*Your instructions*. Begin at the line below that has "Il rosario è". Stop after the line that has "Střecha garáže je", repeating each line exactly and leaving out the pictures.

*Data provided*.
- Opening Delimiter -

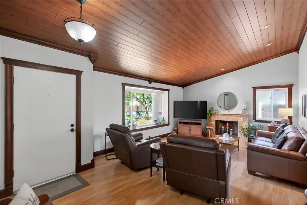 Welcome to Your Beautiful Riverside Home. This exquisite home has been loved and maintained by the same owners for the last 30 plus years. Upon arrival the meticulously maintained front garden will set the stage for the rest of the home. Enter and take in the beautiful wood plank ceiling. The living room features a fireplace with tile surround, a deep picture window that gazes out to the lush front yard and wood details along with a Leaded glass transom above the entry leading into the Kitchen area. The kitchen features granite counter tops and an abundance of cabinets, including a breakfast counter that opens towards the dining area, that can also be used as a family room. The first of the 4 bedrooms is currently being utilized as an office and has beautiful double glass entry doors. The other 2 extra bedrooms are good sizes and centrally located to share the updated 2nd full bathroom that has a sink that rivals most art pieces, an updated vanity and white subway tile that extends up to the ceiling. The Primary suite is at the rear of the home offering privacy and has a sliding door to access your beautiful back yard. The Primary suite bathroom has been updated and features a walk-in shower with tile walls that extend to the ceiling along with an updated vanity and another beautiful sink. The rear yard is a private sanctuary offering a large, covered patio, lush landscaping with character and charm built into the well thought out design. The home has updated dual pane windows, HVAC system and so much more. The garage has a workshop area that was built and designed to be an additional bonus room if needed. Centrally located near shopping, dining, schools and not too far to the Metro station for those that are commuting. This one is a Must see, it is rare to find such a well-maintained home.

- Closing Delimiter -
- Opening Delimiter -

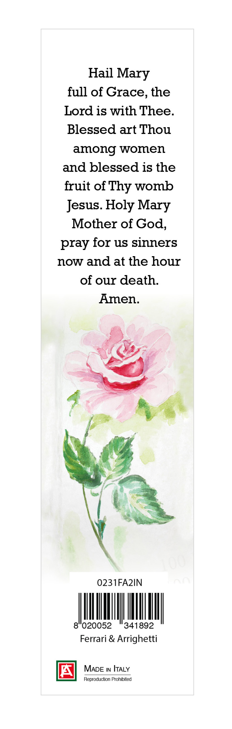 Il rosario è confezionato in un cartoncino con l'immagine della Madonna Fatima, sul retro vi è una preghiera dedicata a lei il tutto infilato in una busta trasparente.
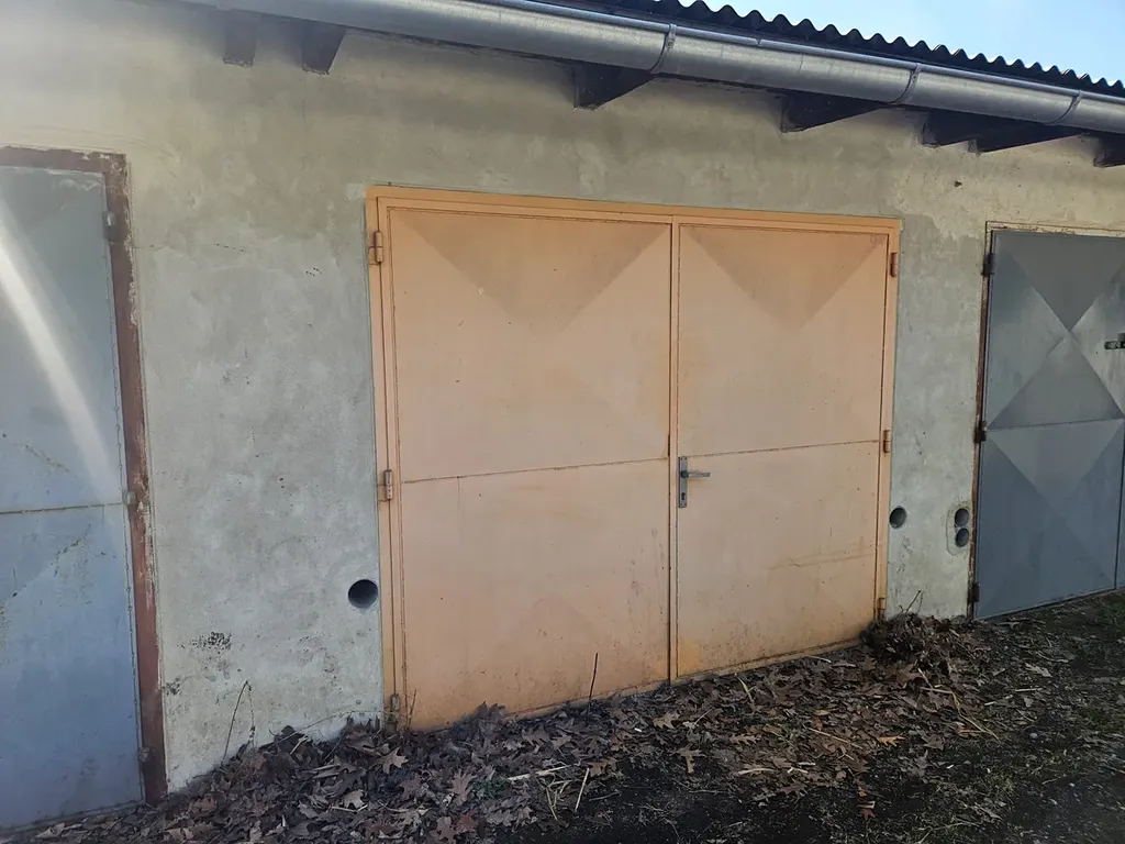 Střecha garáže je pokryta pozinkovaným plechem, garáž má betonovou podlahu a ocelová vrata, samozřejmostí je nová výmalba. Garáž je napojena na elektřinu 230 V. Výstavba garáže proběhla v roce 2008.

- Closing Delimiter -
- Opening Delimiter -

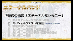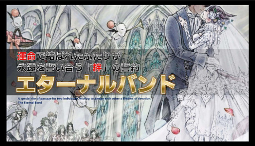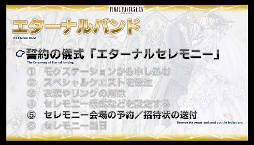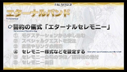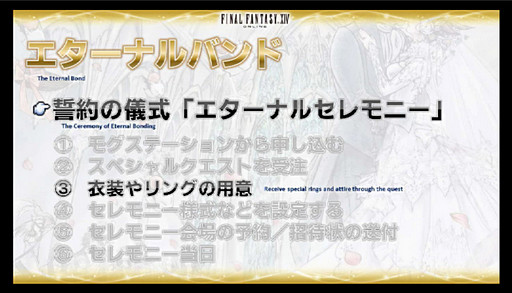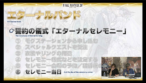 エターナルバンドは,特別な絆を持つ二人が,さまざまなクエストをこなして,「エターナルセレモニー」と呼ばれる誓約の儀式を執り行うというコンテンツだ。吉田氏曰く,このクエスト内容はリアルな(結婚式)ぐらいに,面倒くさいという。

- Closing Delimiter -

*Solution to this exercise*.
 Il rosario è confezionato in un cartoncino con l'immagine della Madonna Fatima, sul retro vi è una preghiera dedicata a lei il tutto infilato in una busta trasparente.
 Střecha garáže je pokryta pozinkovaným plechem, garáž má betonovou podlahu a ocelová vrata, samozřejmostí je nová výmalba. Garáž je napojena na elektřinu 230 V. Výstavba garáže proběhla v roce 2008.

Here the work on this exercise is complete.